#### Your task
Range to reproduce from the entries below: the line with "To 22 - 亦勋 |", the line with "2012年4月9日至13日,金都管理学院", and every line in between. Give them exactly and give nothing else.

#### Material for the task
***

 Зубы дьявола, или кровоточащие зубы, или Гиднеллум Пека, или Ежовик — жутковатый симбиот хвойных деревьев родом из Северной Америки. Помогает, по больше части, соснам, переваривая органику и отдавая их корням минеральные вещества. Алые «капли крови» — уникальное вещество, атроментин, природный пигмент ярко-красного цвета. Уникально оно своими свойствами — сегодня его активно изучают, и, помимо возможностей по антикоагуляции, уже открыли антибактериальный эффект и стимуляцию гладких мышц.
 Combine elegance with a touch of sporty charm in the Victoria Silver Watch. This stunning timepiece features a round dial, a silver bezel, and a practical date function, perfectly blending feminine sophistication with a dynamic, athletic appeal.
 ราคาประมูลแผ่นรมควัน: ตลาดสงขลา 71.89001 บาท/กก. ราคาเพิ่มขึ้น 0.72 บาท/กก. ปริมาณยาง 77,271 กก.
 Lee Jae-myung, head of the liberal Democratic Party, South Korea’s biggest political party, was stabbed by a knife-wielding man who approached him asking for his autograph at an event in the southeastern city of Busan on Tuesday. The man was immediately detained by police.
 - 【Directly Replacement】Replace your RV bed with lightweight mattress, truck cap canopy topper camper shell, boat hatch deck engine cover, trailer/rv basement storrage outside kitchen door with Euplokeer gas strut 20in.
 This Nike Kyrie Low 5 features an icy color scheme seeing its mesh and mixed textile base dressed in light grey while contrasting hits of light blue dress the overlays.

***

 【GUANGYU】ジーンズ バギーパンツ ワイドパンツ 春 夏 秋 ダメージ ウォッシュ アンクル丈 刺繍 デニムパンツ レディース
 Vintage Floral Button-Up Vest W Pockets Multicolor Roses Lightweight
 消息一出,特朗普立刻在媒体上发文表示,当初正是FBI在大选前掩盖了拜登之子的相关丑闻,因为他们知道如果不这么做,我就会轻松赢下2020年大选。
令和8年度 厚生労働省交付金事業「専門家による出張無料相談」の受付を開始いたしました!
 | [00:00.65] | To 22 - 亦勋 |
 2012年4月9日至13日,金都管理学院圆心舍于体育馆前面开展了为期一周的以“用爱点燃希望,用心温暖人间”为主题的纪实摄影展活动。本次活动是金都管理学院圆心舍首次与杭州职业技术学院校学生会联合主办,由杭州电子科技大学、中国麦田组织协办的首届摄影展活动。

***

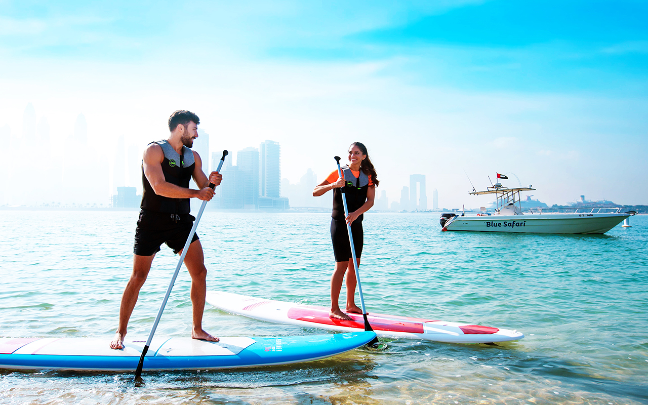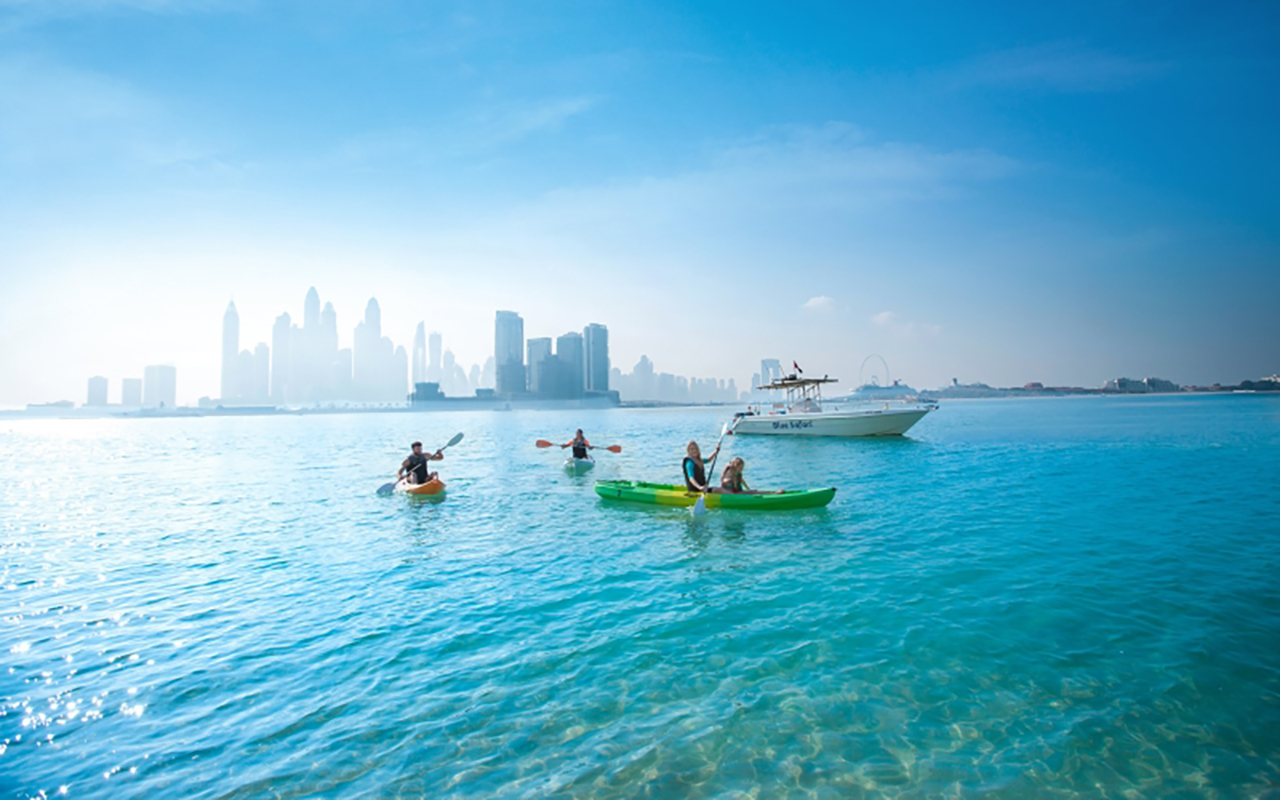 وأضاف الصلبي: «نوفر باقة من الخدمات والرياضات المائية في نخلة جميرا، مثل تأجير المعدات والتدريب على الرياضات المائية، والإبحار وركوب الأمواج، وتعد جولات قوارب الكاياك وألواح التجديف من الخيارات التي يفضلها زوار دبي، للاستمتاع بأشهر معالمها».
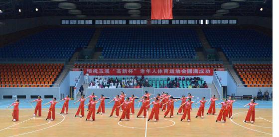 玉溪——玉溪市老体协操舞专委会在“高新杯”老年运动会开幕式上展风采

***

#### Task solution
 | [00:00.65] | To 22 - 亦勋 |
 2012年4月9日至13日,金都管理学院圆心舍于体育馆前面开展了为期一周的以“用爱点燃希望,用心温暖人间”为主题的纪实摄影展活动。本次活动是金都管理学院圆心舍首次与杭州职业技术学院校学生会联合主办,由杭州电子科技大学、中国麦田组织协办的首届摄影展活动。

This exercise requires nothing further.